(Work required)
Copy only the lines from the one with "Details: double-breasted, gold" through the end of the records, exactly as they stand. No pictures belong in the copy.

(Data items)
——

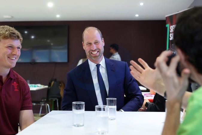 CARDIFF, WALES - SEPTEMBER 10: (EDITORS NOTE: Retransmission with alternate crop.) Prince William, Prince of Wales talks to Jac Morgan (L) and other members of the Welsh Rugby Union during his visit to new a mental health hub run by the Jac Lewis Foundation on World Suicide Prevention Day at Principality Stadium on September 10, 2025 in Cardiff, Wales., Credit:Chris Jackson / Avalon
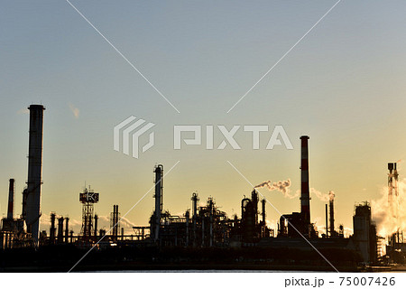 黃昏時分,工廠設施高聳於工業區之上。
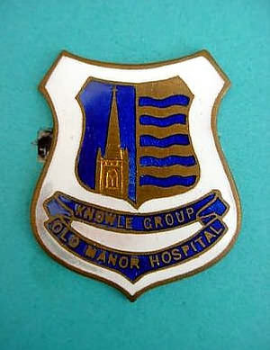 ..... Short Description ...... The Knowle Group Old Manor Hospital, Fareham, Hospital badge was awarded to nurses on completion of training. It is (shape) in shape and made from (materials), with the hospital name around the circumference. The badge weighs (weight) grams and has a (rear pin/button hole) fixing. Picture: The central design is of (description). Badges (were/were not) named and dated with the name of the recipient on the reverse. ..... |
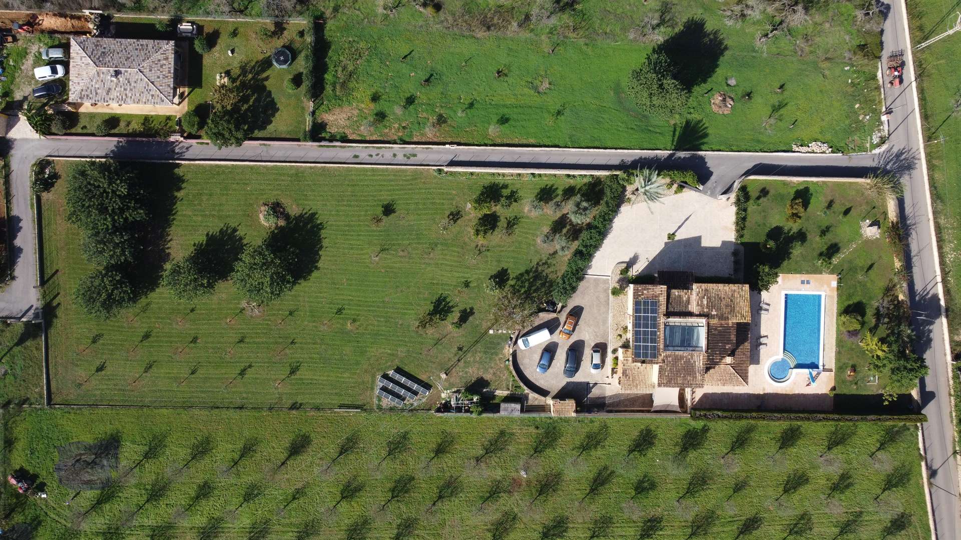 - 6.000 m² großes, rechteckiges Grundstück, komplett eingezäunt, mit Obstbäumen und großzügigen Außenflächen
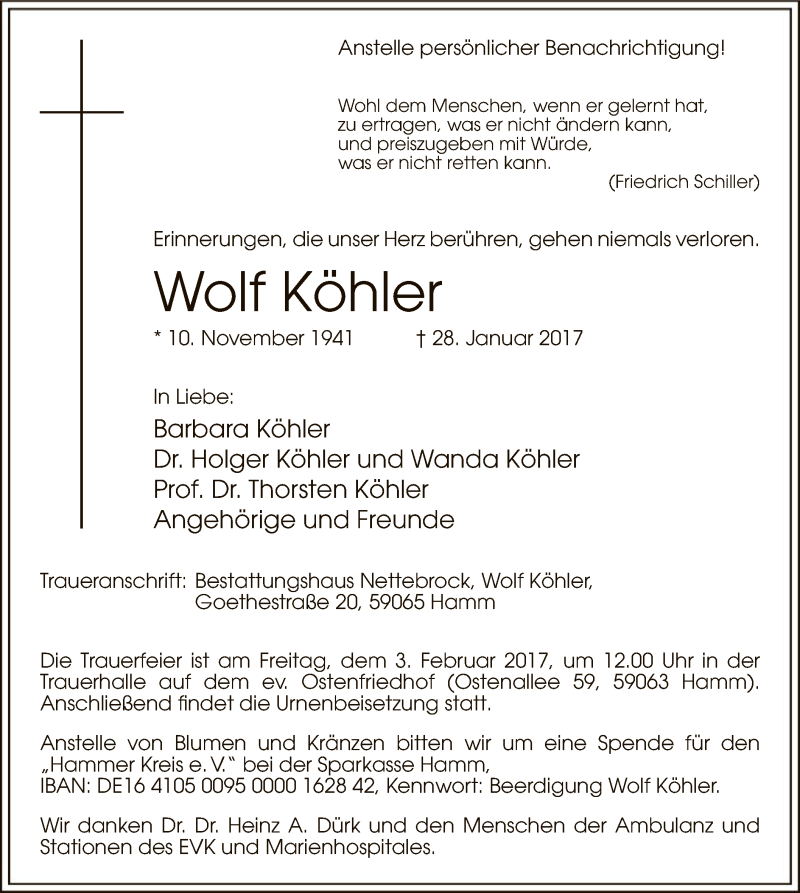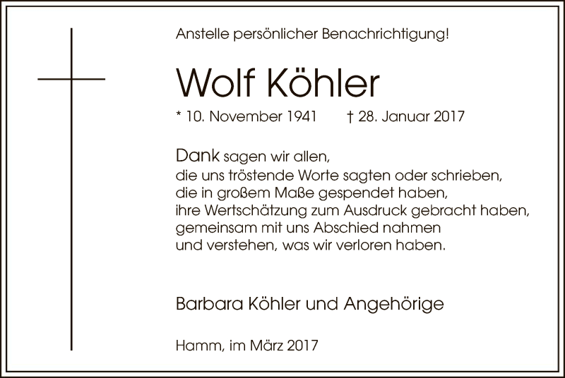 Hier finden Sie alle Traueranzeigen aus der Zeitung, die bisher für Wolf Köhler erschienen sind. Weitere Traueranzeigen, die in der Zeitung erscheinen, werden hier ebenfalls aufgelistet
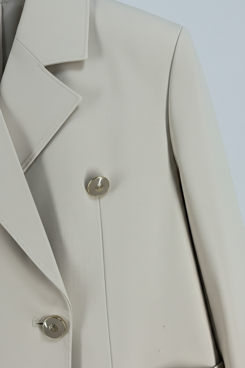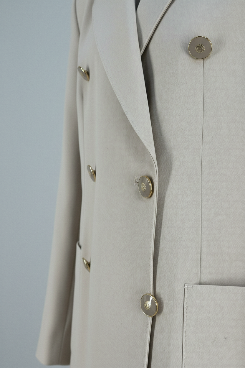 Details: double-breasted, gold buttons, unique pockets
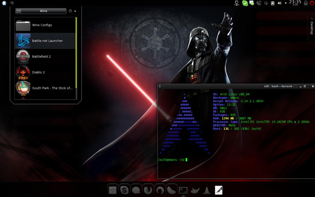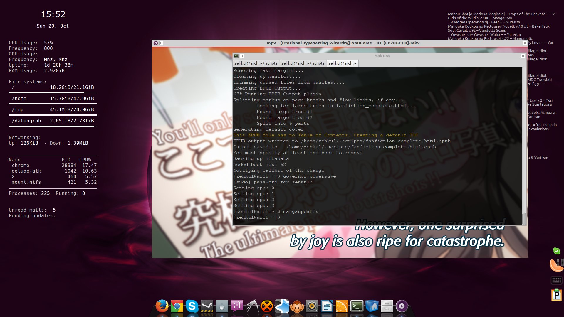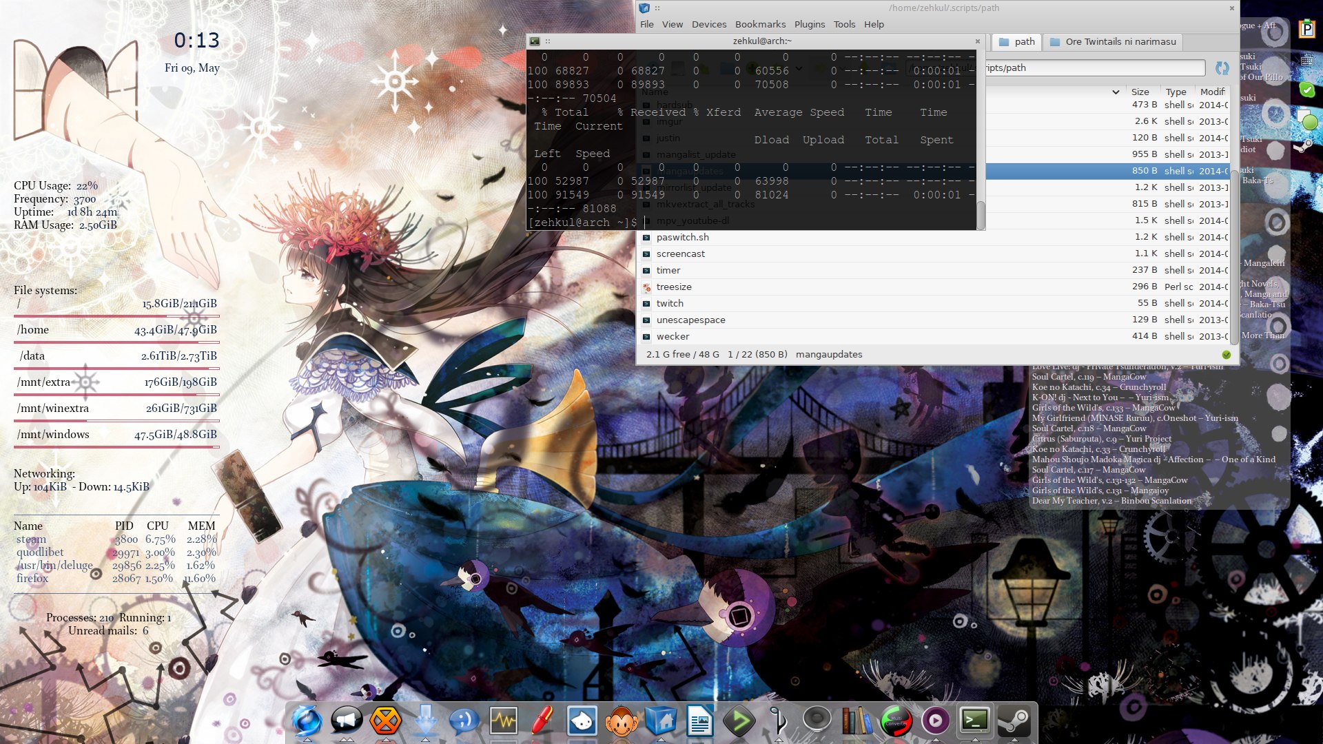 Arch, Openbox, Compton, Conky, eigenes und scheußlich schlecht geschriebenes Script zum Parsen der Updates von Mangaupdates.com, stalonetray, Docky. Und ich suche immer noch nach einem Dock, dass sich auf den Desktop kleben lässt, also immer im Hintergrund bleibt. Stalonetray bleibt schön im Hintergrund.

——

(Exercise response)
 Details: double-breasted, gold buttons, unique pockets
 Arch, Openbox, Compton, Conky, eigenes und scheußlich schlecht geschriebenes Script zum Parsen der Updates von Mangaupdates.com, stalonetray, Docky. Und ich suche immer noch nach einem Dock, dass sich auf den Desktop kleben lässt, also immer im Hintergrund bleibt. Stalonetray bleibt schön im Hintergrund.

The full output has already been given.